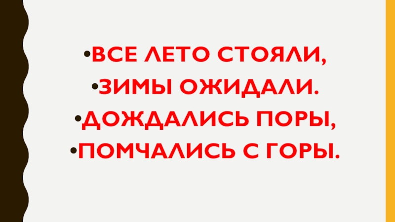 ВСЕ ЛЕТО СТОЯЛИ,ЗИМЫ ОЖИДАЛИ.ДОЖДАЛИСЬ ПОРЫ,ПОМЧАЛИСЬ С ГОРЫ.
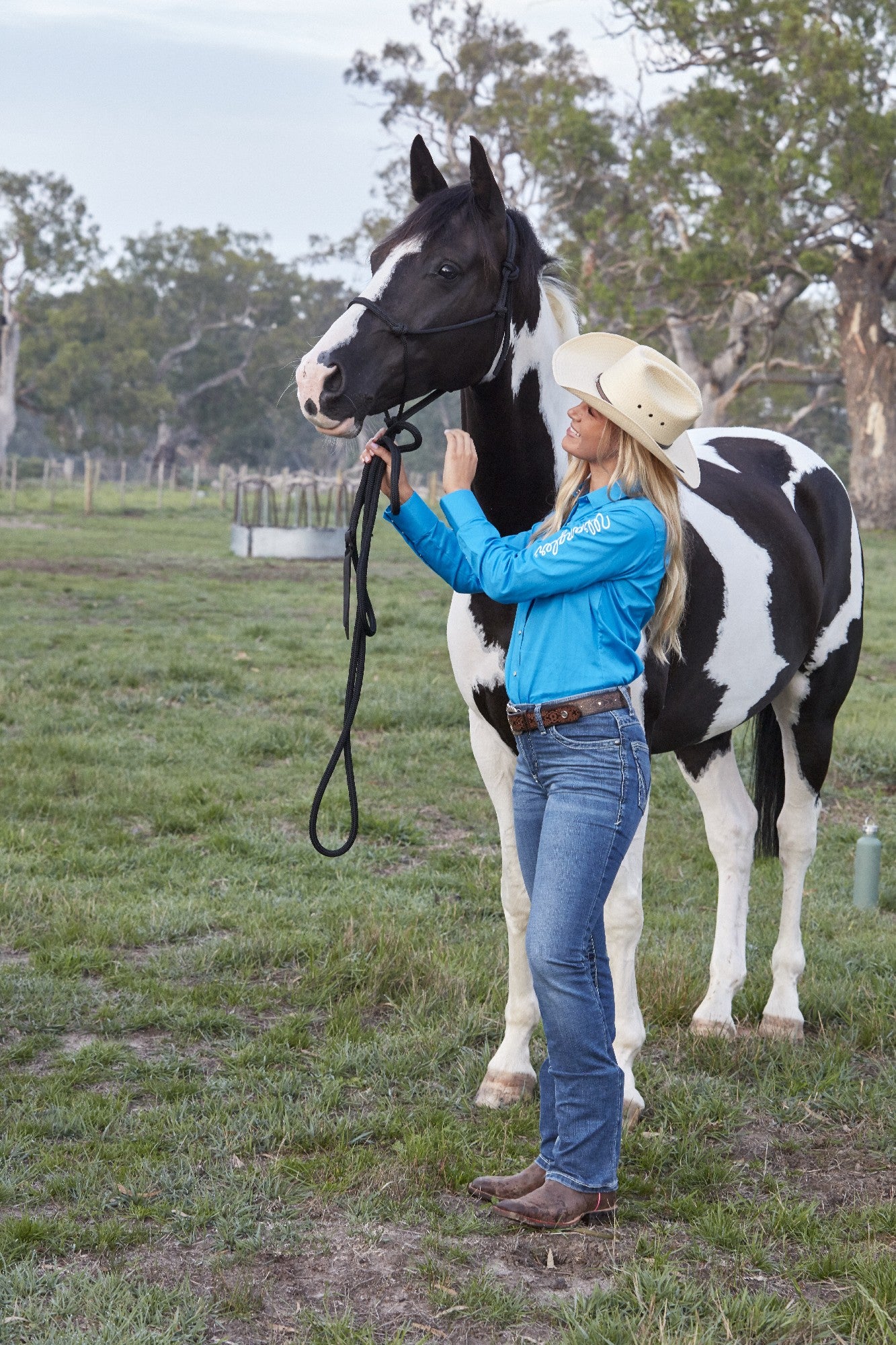 Practical, flattering, and unmistakably Western, the Wrangler Drill Logo Long Sleeve Shirt – Aqua (Ladies) is designed for women who need durability without sacrificing style. Made from hard-wearing drill cotton, this shirt offers excellent breathability and strength, making it ideal for riding, work, and everyday country wear.
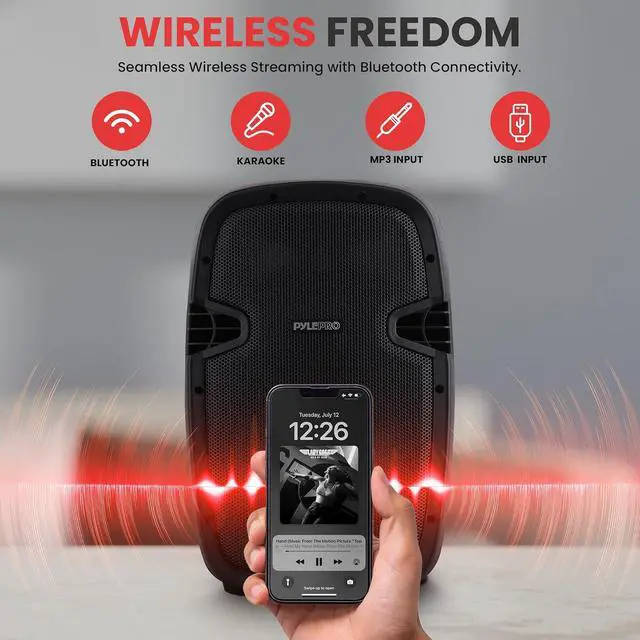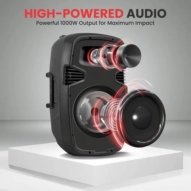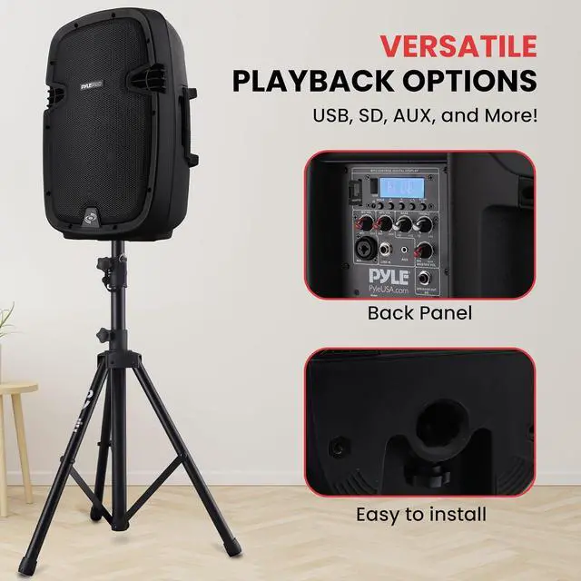 Pyle Model : PPHP1049KT10" Active + Passive PA Speaker KitActive + Passive PA Speaker System Kit - Dual Loudspeaker Sound Package, 10'' Subwoofers, Bluetooth Wireless Streaming, Includes (2) Speaker Stands, Wired Microphone, Remote Control (1000 Watt) System Features:Dual 10-inch High-Powered Loudspeaker PA SystemsIncludes (1) Active Speaker, (1) Passive Speaker + (2) StandsRugged, Durable & Reliable SoundBluetooth Wireless Music Streaming AbilityHigh-Frequency 1.0'' TweetersCompression Driver with Titanium Diaphragm2-Way Full Range Audio ProjectionBuilt-in Digital Audio AmplifierXLR Microphone Input1/4 SpeakOn (8 Ohm) Input1/4 SpeakOn (8 Ohm) Speaker OutputAux (3.5mm) Input JackConnect & Stream Audio from External Devices USB Flash Drive & SD Memory Card ReadersDigital LCD DisplayRear Panel Rotary Dial & Button Control Center Master Volume, Mic Volume, Treble, Bass AdjustableIntegrated Carry Handles35mm Speaker Stand Mount CompatibleHeavy Duty Engineered ABS Housing What's in the Box: (1) 10'' Active PA Speaker (1) 10'' Passive PA Speaker (2) Speaker StandsWired MicrophoneRemote ControlPower Cable Bluetooth Wireless Streaming:Instantly Stream Music from Your Bluetooth DevicesWorks with All Your Favorite Bluetooth Devices (iPhone, Android, Smartphone, iPad, Tablet, PC, etc.)Bluetooth Version: 4.0Bluetooth Wireless Range: 100'+ FeetBluetooth Network Name: 'Pyle Speaker Stands: Effectively Elevates Speakers for Optimum Sound PerformanceUniversal Speaker Compatibility (35mm Insert)Easy Setup and Quick Adjustment ControlReinforced Steel Support ConstructionSpeaker Support Arm ExtensionRugged and ReliableSafety Lock-in PinFoldable for Quick Storage and TransportRubber Capped Tripod Feet BasePerfect for On-Stage or Studio UseFor Professional or Beginner ApplicationsSpeaker Height Adjustable: 59.1'' to 82.7'' MAX. Load Capacity: 100 lbs. (50 kgs.) -Each Technical Specs: MAX Power Output: 1000 WattAmplifier: Class DImpedance: 8 OhmT.H.D.: Magnet: 20 oz.Sensitivity: 92dB (+/-2dB)Mic Input Level: Line Input/Output Level: >250mVFrequency Response: 65-18kHzDigital Audio File Compatibility: MP3, WMAMaximum SD/USB Flash Memory Support: 32GBPower Supply: 120/240VSingle Speaker Weight: 18.08 lbs.The Pyle Active + Passive PA Speaker System Kit - Dual Loudspeaker Sound Package, 10'' Subwoofers, Bluetooth Wireless Streaming, Includes (2) Speaker Stands, Wired Microphone, Remote Control, 1000 Watt - Dual 10-inch High-Powered Loudspeaker PA Systems - Includes (1) Active Speaker, (1) Passive Speaker + (2) Stands - Rugged, Durable & Reliable Sound - Bluetooth Wireless Music Streaming Ability - High-Frequency 1.0'' Tweeters - Compression Driver with Titanium Diaphragm - 2-Way Full Range Audio Projection - Built-in Digital Audio Amplifier - XLR Microphone Input - 1/4 SpeakOn (8 Ohm) Input - 1/4 SpeakOn (8 Ohm) Speaker Output - Aux (3.5mm) Input Jack - Connect & Stream Audio from External Devices - USB Flash Drive & SD Memory Card Readers - Digital LCD Display.

------------

WHAT THE TASK REQUIRES
I'd like the material repeated word for word, without the pictures it holds.

RESPONSE
 ВСЕ ЛЕТО СТОЯЛИ,ЗИМЫ ОЖИДАЛИ.ДОЖДАЛИСЬ ПОРЫ,ПОМЧАЛИСЬ С ГОРЫ.
 Practical, flattering, and unmistakably Western, the Wrangler Drill Logo Long Sleeve Shirt – Aqua (Ladies) is designed for women who need durability without sacrificing style. Made from hard-wearing drill cotton, this shirt offers excellent breathability and strength, making it ideal for riding, work, and everyday country wear.
 Pyle Model : PPHP1049KT10" Active + Passive PA Speaker KitActive + Passive PA Speaker System Kit - Dual Loudspeaker Sound Package, 10'' Subwoofers, Bluetooth Wireless Streaming, Includes (2) Speaker Stands, Wired Microphone, Remote Control (1000 Watt) System Features:Dual 10-inch High-Powered Loudspeaker PA SystemsIncludes (1) Active Speaker, (1) Passive Speaker + (2) StandsRugged, Durable & Reliable SoundBluetooth Wireless Music Streaming AbilityHigh-Frequency 1.0'' TweetersCompression Driver with Titanium Diaphragm2-Way Full Range Audio ProjectionBuilt-in Digital Audio AmplifierXLR Microphone Input1/4 SpeakOn (8 Ohm) Input1/4 SpeakOn (8 Ohm) Speaker OutputAux (3.5mm) Input JackConnect & Stream Audio from External Devices USB Flash Drive & SD Memory Card ReadersDigital LCD DisplayRear Panel Rotary Dial & Button Control Center Master Volume, Mic Volume, Treble, Bass AdjustableIntegrated Carry Handles35mm Speaker Stand Mount CompatibleHeavy Duty Engineered ABS Housing What's in the Box: (1) 10'' Active PA Speaker (1) 10'' Passive PA Speaker (2) Speaker StandsWired MicrophoneRemote ControlPower Cable Bluetooth Wireless Streaming:Instantly Stream Music from Your Bluetooth DevicesWorks with All Your Favorite Bluetooth Devices (iPhone, Android, Smartphone, iPad, Tablet, PC, etc.)Bluetooth Version: 4.0Bluetooth Wireless Range: 100'+ FeetBluetooth Network Name: 'Pyle Speaker Stands: Effectively Elevates Speakers for Optimum Sound PerformanceUniversal Speaker Compatibility (35mm Insert)Easy Setup and Quick Adjustment ControlReinforced Steel Support ConstructionSpeaker Support Arm ExtensionRugged and ReliableSafety Lock-in PinFoldable for Quick Storage and TransportRubber Capped Tripod Feet BasePerfect for On-Stage or Studio UseFor Professional or Beginner ApplicationsSpeaker Height Adjustable: 59.1'' to 82.7'' MAX. Load Capacity: 100 lbs. (50 kgs.) -Each Technical Specs: MAX Power Output: 1000 WattAmplifier: Class DImpedance: 8 OhmT.H.D.: Magnet: 20 oz.Sensitivity: 92dB (+/-2dB)Mic Input Level: Line Input/Output Level: >250mVFrequency Response: 65-18kHzDigital Audio File Compatibility: MP3, WMAMaximum SD/USB Flash Memory Support: 32GBPower Supply: 120/240VSingle Speaker Weight: 18.08 lbs.The Pyle Active + Passive PA Speaker System Kit - Dual Loudspeaker Sound Package, 10'' Subwoofers, Bluetooth Wireless Streaming, Includes (2) Speaker Stands, Wired Microphone, Remote Control, 1000 Watt - Dual 10-inch High-Powered Loudspeaker PA Systems - Includes (1) Active Speaker, (1) Passive Speaker + (2) Stands - Rugged, Durable & Reliable Sound - Bluetooth Wireless Music Streaming Ability - High-Frequency 1.0'' Tweeters - Compression Driver with Titanium Diaphragm - 2-Way Full Range Audio Projection - Built-in Digital Audio Amplifier - XLR Microphone Input - 1/4 SpeakOn (8 Ohm) Input - 1/4 SpeakOn (8 Ohm) Speaker Output - Aux (3.5mm) Input Jack - Connect & Stream Audio from External Devices - USB Flash Drive & SD Memory Card Readers - Digital LCD Display.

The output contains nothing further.